:: Records shown ::
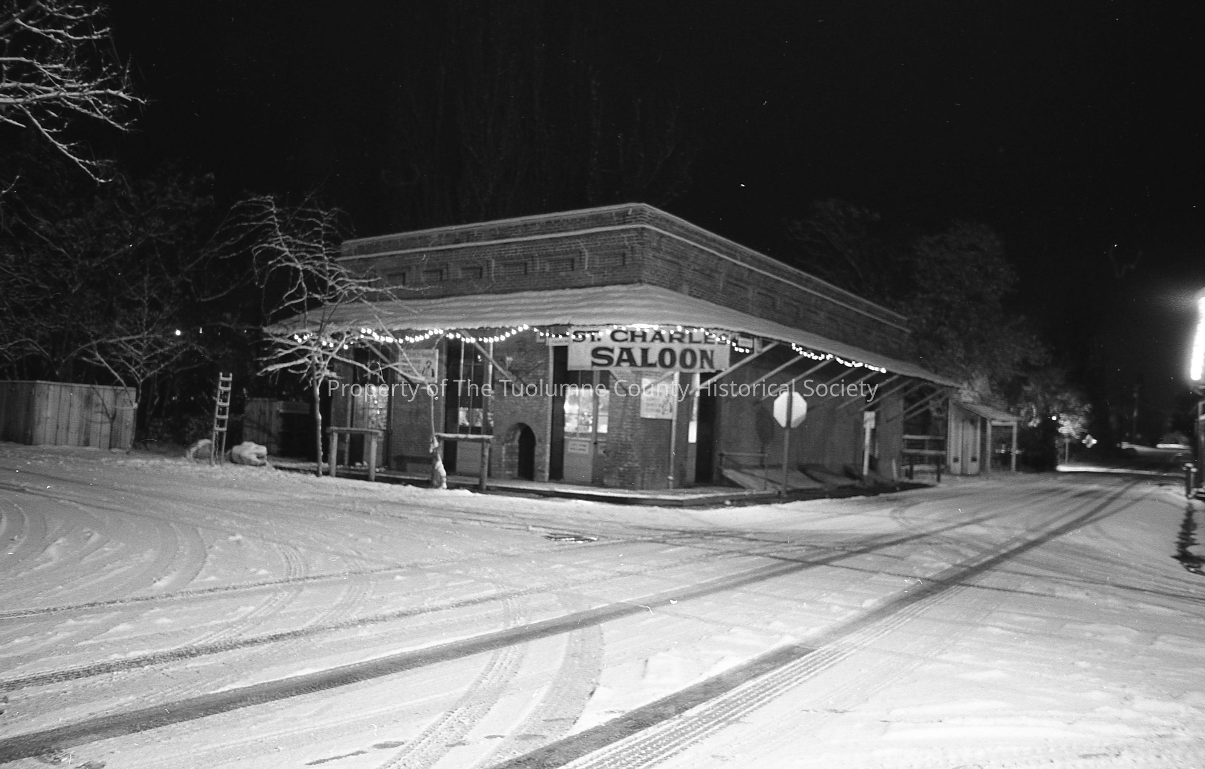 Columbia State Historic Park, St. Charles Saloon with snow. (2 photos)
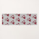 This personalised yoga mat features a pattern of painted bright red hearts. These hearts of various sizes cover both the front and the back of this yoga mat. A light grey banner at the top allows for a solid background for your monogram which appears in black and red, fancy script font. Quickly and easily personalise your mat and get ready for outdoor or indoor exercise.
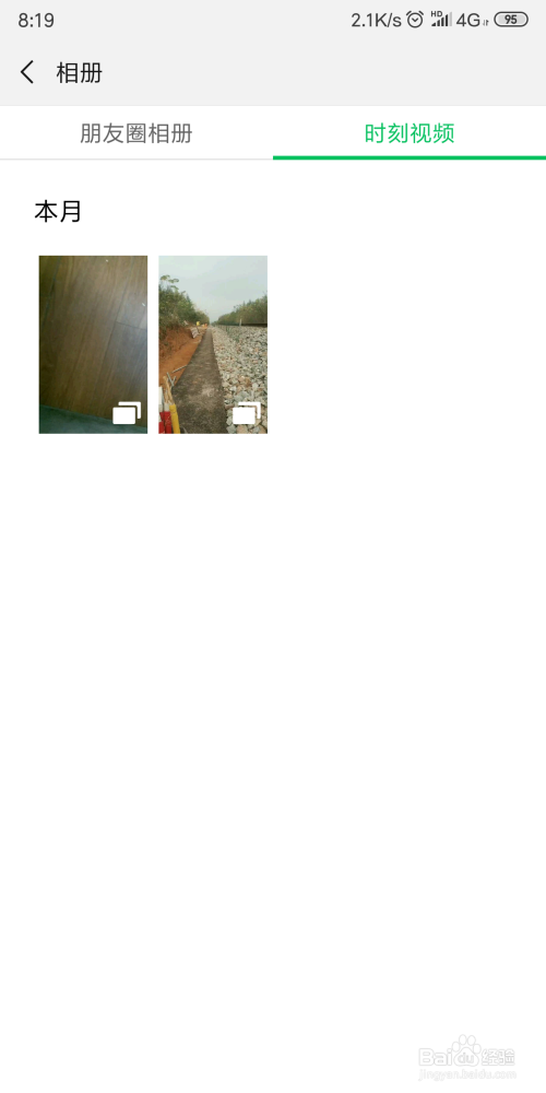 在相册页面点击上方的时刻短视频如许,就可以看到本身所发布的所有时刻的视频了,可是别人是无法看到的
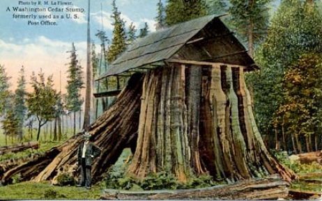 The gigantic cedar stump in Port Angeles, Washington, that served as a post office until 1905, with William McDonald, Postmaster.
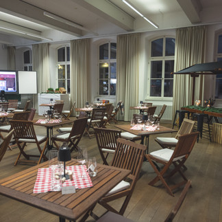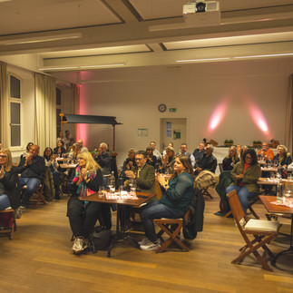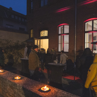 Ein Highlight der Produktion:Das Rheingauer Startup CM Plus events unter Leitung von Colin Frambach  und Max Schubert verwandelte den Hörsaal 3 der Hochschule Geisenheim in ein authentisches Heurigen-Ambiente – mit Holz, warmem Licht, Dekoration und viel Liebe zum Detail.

:: Work to complete ::
Every record above should be transcribed exactly; the pictures stay out of the copy.

:: Response area ::
 Columbia State Historic Park, St. Charles Saloon with snow. (2 photos)
 This personalised yoga mat features a pattern of painted bright red hearts. These hearts of various sizes cover both the front and the back of this yoga mat. A light grey banner at the top allows for a solid background for your monogram which appears in black and red, fancy script font. Quickly and easily personalise your mat and get ready for outdoor or indoor exercise.
 在相册页面点击上方的时刻短视频如许,就可以看到本身所发布的所有时刻的视频了,可是别人是无法看到的
 The gigantic cedar stump in Port Angeles, Washington, that served as a post office until 1905, with William McDonald, Postmaster.
 Ein Highlight der Produktion:Das Rheingauer Startup CM Plus events unter Leitung von Colin Frambach  und Max Schubert verwandelte den Hörsaal 3 der Hochschule Geisenheim in ein authentisches Heurigen-Ambiente – mit Holz, warmem Licht, Dekoration und viel Liebe zum Detail.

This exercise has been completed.